I wrote a long cover story for the Reno News & Review four months ago declaring it better to vote for the blustery Donald Trump than the same old-same old Hillary Clinton.
I laid out the many reasons why people should oppose Clinton for president. She is a Democrat, yes, and the Democratic Party is the only one I ever support. But Clinton’s record is hawkish, her emails fishy, we don’t need another third-rate Clinton in the White House and I am bloody sick of always voting for the lesser to two evils.
In short, I wrote that Trump would make a more challenging, exciting and stimulating president.

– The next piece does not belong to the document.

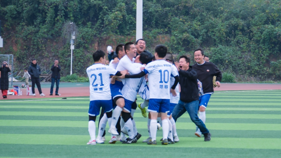 点球大战成为冠军归属的终极考验。教工队率先登场的付亚子老师顶住压力,精准将球送入死角,为球队奠定优势。在随后的较量中,教工队的柳溪老师和曾律弦老师沉着施射,角度刁钻;门将向南老师则延续了决赛中的出色状态,不仅扑出了对方关键点球,还亲自罚进一球。随着数学学院最后一名队员将点球罚失,全场瞬间沸腾。教工队队员们冲向门将,紧紧相拥,教练组也激动地奔入场内,与全队共同欢庆胜利。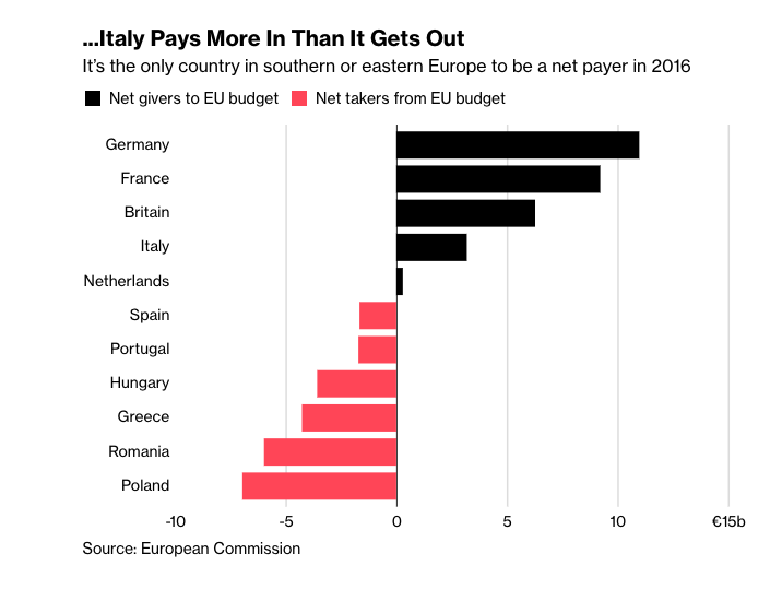 Italien als Netto-Beitragszahler, Graph: Bloomberg, June 6, 2018

Now Election Day has arrived and I am forced to choose. I cannot possibly vote for Clinton. Voting for a third-party candidate is throwing your vote away. And, contrary to my earlier advice in print, I can’t vote for Trump with a clear conscience.
Trump has alienated far too many people and whole organizations. The last straw was criticizing women and groping them. I have long been pro-feminist, an ardent proponent of woman’s rights. I supported the Equal Rights Amendment that was never ratified.
So how will I vote for president today? “None of these candidates,” an option we are fortune to have in Nevada.
OREGON VOTING EASIER
Oregon is the best in the nation when it comes to easy voting.
You go to the Department of Motor Vehicles in Oregon and can register to vote.
In Oregon, you can register online.
You can pre-register to vote when you’re 17 in Oregon.
In Oregon, there is a movement to mobilize young people and engage them in the political process.
Oregon became the first state in the country to register eligible citizens to vote when they obtain or renew their driver’s licenses or get state IDs.
These glad tidings were brought to you by Lornet Turnbull, Seattle-based freelance writer, in a dispatch on Truthout.
EVERY POLITICIAN A POPULIST
The Nation magazine, which should know better, is now calling Trump a “right-wing populist.” He certainly is not.
Populism is a sacred left-wing name in the history of U.S politics. It dates from the People’s Party, or Populist Party, in the 1890s. Its party platform in 1892, mostly written by farmers and “common folk,” called for:
“The abolition of national banks, a graduated income tax, direct election of U.S. senators, civil service reform, a working day or eight hours and government control of all railroads, telegraphs and telephones.”
While some of these reforms have been enacted, some unfortunately were not. Nevertheless, you can see how radical the platform was when written in 1892–and still is.
The Nation magazine shares the guilt with many other publications in America, which call every half-baked politician populist and ever party platform populism.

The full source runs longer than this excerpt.